Hardboiled (or hard-boiled) fiction is a literary genre that shares some of its characters and settings with crime fiction (especially detective stories). Derived from the romantic tradition which emphasized the emotions of apprehension, awe, horror and terror, hardboiled fiction deviates from that tradition in the detective's cynical attitude towards those emotions. The attitude is conveyed through the detective's inner monologue describing to the audience what he is doing and feeling.

The genre's typical protagonist is a detective who witnesses daily the violence of organized crime that flourished during Prohibition (1920–1933) and its aftermath, while dealing with a legal system that had become as corrupt as the organized crime itself. Rendered cynical by this cycle of violence, the detectives of hardboiled fiction are classic antiheroes. Notable hardboiled detectives include Philip Marlowe, Mike Hammer, Sam Spade, Lew Archer, and The Continental Op.

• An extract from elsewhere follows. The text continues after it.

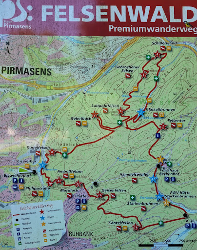 Read moreWer eine schöne mittelschwere Wanderung machen möchte ist hier gut aufgehoben.... Insgesamt ist die Strecke gut ausgeschildert, nur an 2,3 Stellen muss man etwas aufpassen. Mein Einstieg war am Parkplatz Eisweiher, gute Parkmöglichkeit. Wer am Ende und nicht zwischendurch etwas trinken oder essen möchte startet besser am Forsthaus Beckenhof mit Biergarten...😁 Reine Laufzeit hatte ich ca. 3 Stunden... für ungefähr 14 km... Die Strecke ist abwechslungsreich mit schönen Fernsichten und Feldformationen. Ab und an kreuzt eine Mountainbikestrecke den Weg...also Achtung, mir sind keine Radler begegnet aber anhand der Spuren, sieht man, dass die Trails...

The term comes from a process of hardening one's egg; to be hardboiled is to be comparatively tough. The hardboiled detective—originated by Carroll John Daly's Terry Mack and Race Williams and both epitomized and popularized by Dashiell Hammett's Sam Spade and Raymond Chandler's Philip Marlowe—not only solves mysteries, like his "softer" counterparts, the protagonist confronts violence on a regular basis leading to burnout and a cynical (so-called "tough") attitude towards one's own emotions.